When the obnoxious writer of a new Hollywood screenplay, "Ike and Inga," comes to Tall Pine scouting locations, he knows he's found his "Inga" when he spies Fenny in the window of her shop. Coaxed and cajoled by Lee and the rest of her friends, homebody Fenny finally agrees to fly to California to do a screen test. She meets with the screenwriter's B-movie producing uncle and gets the part in an unusual way that gives the phrase "casting couch" a wickedly new scatalogical meaning. She returns to Tall Pine, and filming soon begins under the dictatorial eye of a bitter, egomaniacal director, with many of Fenny's Tall Pine friends acting as extras.

Through all this, Fenny is finally opening up emotionally again to a tall, dark stranger in Tall Pine, the handsome and warm half-Polynesian, half-Native American, Big Bill. The only problem is, Lee saw him first, and Lee's in love with him. Fate contrives to prevent the already reluctant Fenny from confessing her relationship with Bill to Lee, and when the news is finally sprung on Lee the friendship between the two appears to be irrevocably over. Bill, Lee and Fenny each go their separate ways to think things over, and a bleak comedy of errors goes extremely bad as misunderstandings and mean-hearted meddling by others threaten to ruin a beautiful friendship.

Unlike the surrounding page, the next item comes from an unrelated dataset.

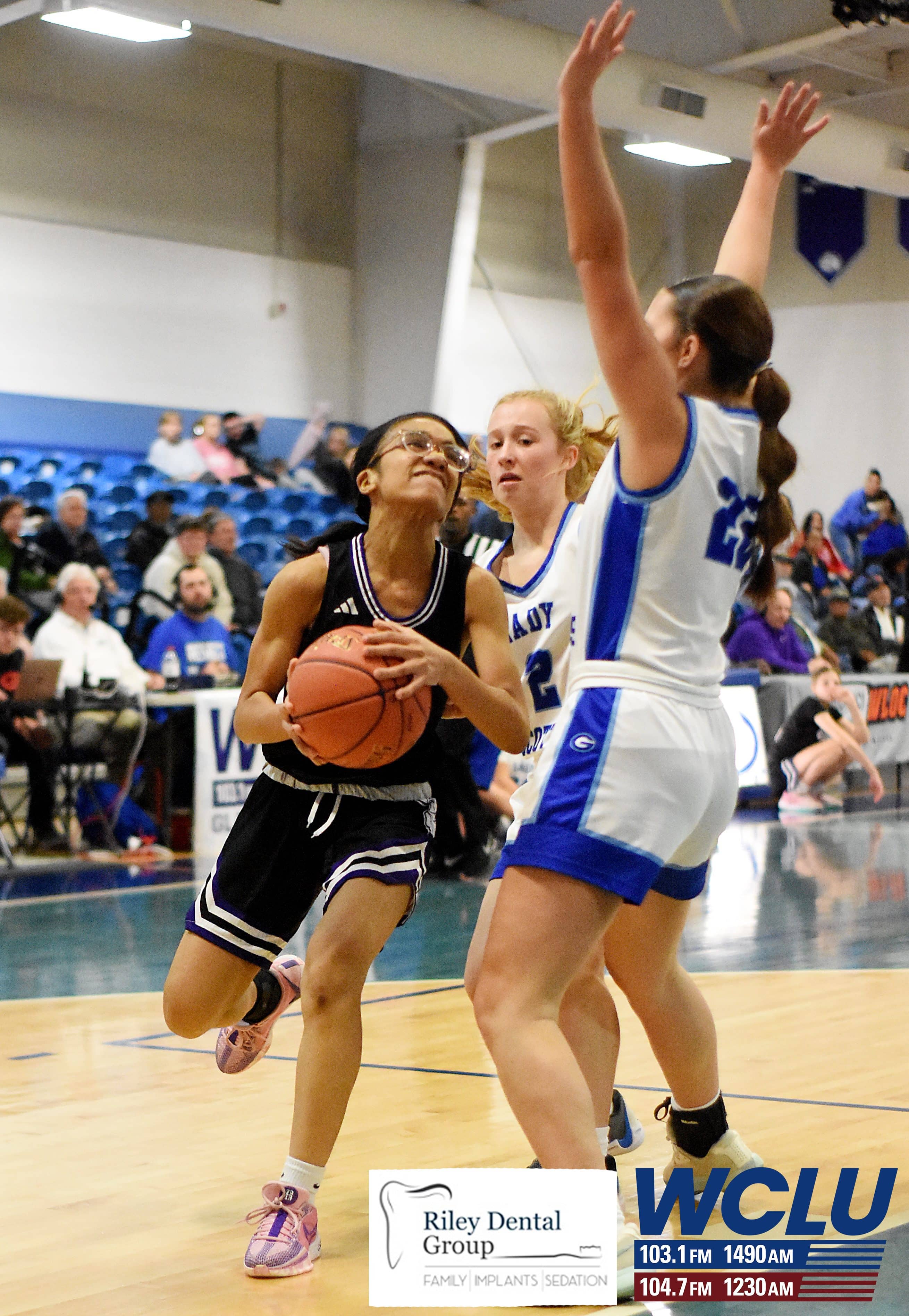 Glasgow’s Kayla Kirkpatrick drives as Caverna’s Jakada Thompson defends. The Lady Scotties beat the Lady Colonels, 71-35. James Brown/WCLU Sports

The Tall Pine Polka is a novel divided in tone; it's light-hearted and funny throughout the first half, tragic and more darkly humorous in the second part, like a sunny day at the lake turning ominous as thunderheads move in over placid waters. That a relationship like Lee and Fenny's can survive such a string of betrayals may seem overly optimistic, but friendship and love can run as deep as a feud in the forced proximity inherent in small-town life. The offbeat characters who people the rest of Tall Pine provide a comforting cushion for Fenny and Lee to fall back on; that may be the greatest small-town truth in Landvik's third novel.